И он снова стал пасмурным и внимательным к каждому слову в лекториях, и рьяней, чем когда-либо, посещал лекции, а когда спрашивали, отвечал холодно и неясно, точно был неуверен в себе.
– Загадочный человек! – говорили старшие профессора.
VI
Так бежали годы. Наконец наступил 1433 год, который в жизни Стременчика был переломным моментом, что закрывает одну эпоху и открывает другую.
Он стремился к давно принадлежащему ему академическому лавру, за которым нужно было только потянуться. Все знали, что он был достоин его получить, и однако решающий диспут, в котором он победил всех своих противников, наполнил их удивлением, почти поразил их. Этот молчаливый, спокойный, скромный юноша вдруг превратился в их глазах в смелого, красноречивого, уверенного в своей силе человека.
На диспутах он показал такую зрелость ума, учёность и самостоятельность убеждений, бросал такие новые и смелые мнения, что наполнил невыразмой тревогой людей трусливых, уважающих традиции.
Это вдруг изверглось как лава из вулкана, которая давно собиралась в его лоне. От него всегда ожидали много, но не того новатора, каким он ныне проявил себя.

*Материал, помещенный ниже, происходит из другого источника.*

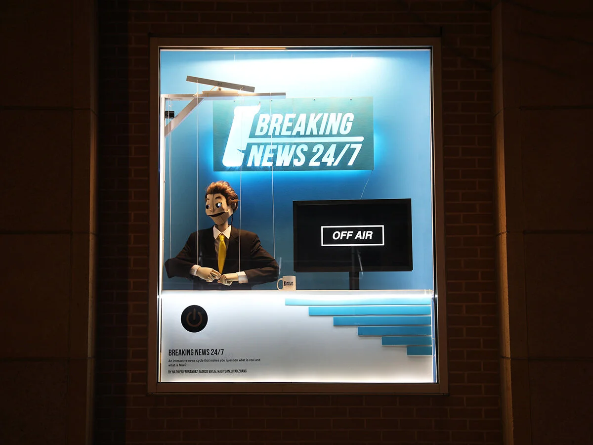 The window was transformed into a news channel that broadcasts problematic and controversial news found on the Internet. The newscaster, the iconic and most appealing element of the project, is a Pinocchio, who is notably characterized for his frequent tendency to lie, which causes his nose to grow.

Уже года два как он приобрел себе славу трудоголика и эрудита, был пророком в вопросах старинной письменности, но этим не хвалился, и когда его спрашивали, отвечал содержательно и скромно.
Знали, что латинский вирш плыл у него из-под пера, точно ему ничего не стоил, что, вызванный, говорил изысканно и с лёгкостью, а латинских писателей не только знал хорошо, но почти всех их знал на память.
Раньше случалось, что сдержанный в речи и скромный, он порой как бы невольно стрелял сарказмом, бросал обоюдоострое слово, остроумным суждением разрешал запутанные задачи, но тут же притормаживал и замыкался в осторожном молчании.
Никто не умел великой мысли, как он, поместить в нескольких словах. Слова его были как удар сабли, острые и убивающие. Но до сих пор он ими не разбрасывался. Старшие, хотя он уважал их, предчувствовали в нём врага и смотрели на него с опаской, которая теперь оправдывалась.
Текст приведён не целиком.